Set up dredging station with 1 egg, beaten with a splash of water in 1 bowl, 2 tbsp of flour in another bowl and seasoned panko in another bowl. Coat cold goat cheese rounds in flour, then egg, then gently press into panko brad crumbs, making sure each round is thoroughly coated. Return to plate and place back in freezer. In a dry skillet over medium high heat, toast walnuts in a single layer, stirring frequently for about 3-5 minutes until they smell slightly nutty.  Make sure to watch carefully so they don’t burn. Transfer immediately from hot skillet to bowl or plate to stop cooking. Core and thinly slice a pear.  Heat 2-3 tbsp olive oil in a skillet over medium high heat. Take breaded goat cheese rounds out of the freezer and pan fry for 2-3 minutes per side until golden and crispy. Remove and place on a paper towel to drain.  Toss arugula with a small amount of dressing until just moistened.  Arrange toasted walnuts, sliced pear and warm goat cheese rounds on a bed of dressed arugula and serve with more vinaigrette on the side. Enjoy with a glass of Rosetto

Apple, Gruyere, and Carmelized Onion Quiche

1 pie shell ( 9 Inches), unbaked
2 eggs
2 egg yolks
1 cup half and half
Pinch fresh grated nutmeg
1/2 tsp salt
1/2 tsp fresh cracked pepper
1/2 cup caramelized onions
1 medium apple, peeled, cored, and diced
1 cup grated Gruyere cheese

Heat the oven to 375ºF
Line the pie crust with parchment paper or double layer of aluminum foil and add pie weights or dry beans. Bake for 12 minutes, then remove the paper and weights and bake for an additional 10 minutes, or until the crust is golden brown all over.  Remove from the oven and set aside to cool. In a large bowl, whisk together the eggs and egg yolks. Add the half and half, nutmeg, salt, and pepper and whisk until well combined.  Spread the onions, apples, and cheese over the bottom of the crust.  Cover with the egg mixture. Bake for 30-40 minutes, or until the filling is set and starting to brown lightly on the top. Cool for 20 minutes at room temperature before serving. Enjoy a slice with a glass of Madonna Estate Gewurztraminer.

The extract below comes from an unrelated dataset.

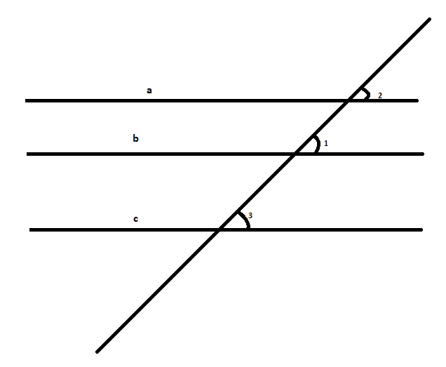 углы 1 и 2 и 3 --- соответственные, они равны.

Burrata and Strawberry Salad with Basil Vinaigrette

5 ounces spring greens
1 pound fresh strawberries, hulled and sliced
1 ball of fresh burrata cheese, roughly chopped or torn
1/3 cup sliced almonds, toasted
1/4 medium red onion, thinly sliced
Basil vinaigrette

Basil Vinaigrette Recipe:

2 cups tightly-packed fresh basil leaves
1/2 cup extra virgin olive oil
3 tablespoons red wine vinegar
1 large clove garlic, peeled
3/4 teaspoon sea salt
(optional) 1/2 teaspoon Dijon mustard
1/2 teaspoon freshly-cracked black pepper
tiny pinch crushed red pepper flakes
Combine all vinaigrette ingredients in a blender or food processor and puree until smooth. If the vinaigrette is too thick add a few tablespoons of water very slowly until it reaches your desired consistency.  Taste and season with additional salt and pepper if needed. Serve over the salad mix below.

Salad: Combine all ingredients together in a large mixing bowl and toss until mixed. Toss in vinaigrette and mix carefully. Serve immediately and enjoy with a glass of Rosetto.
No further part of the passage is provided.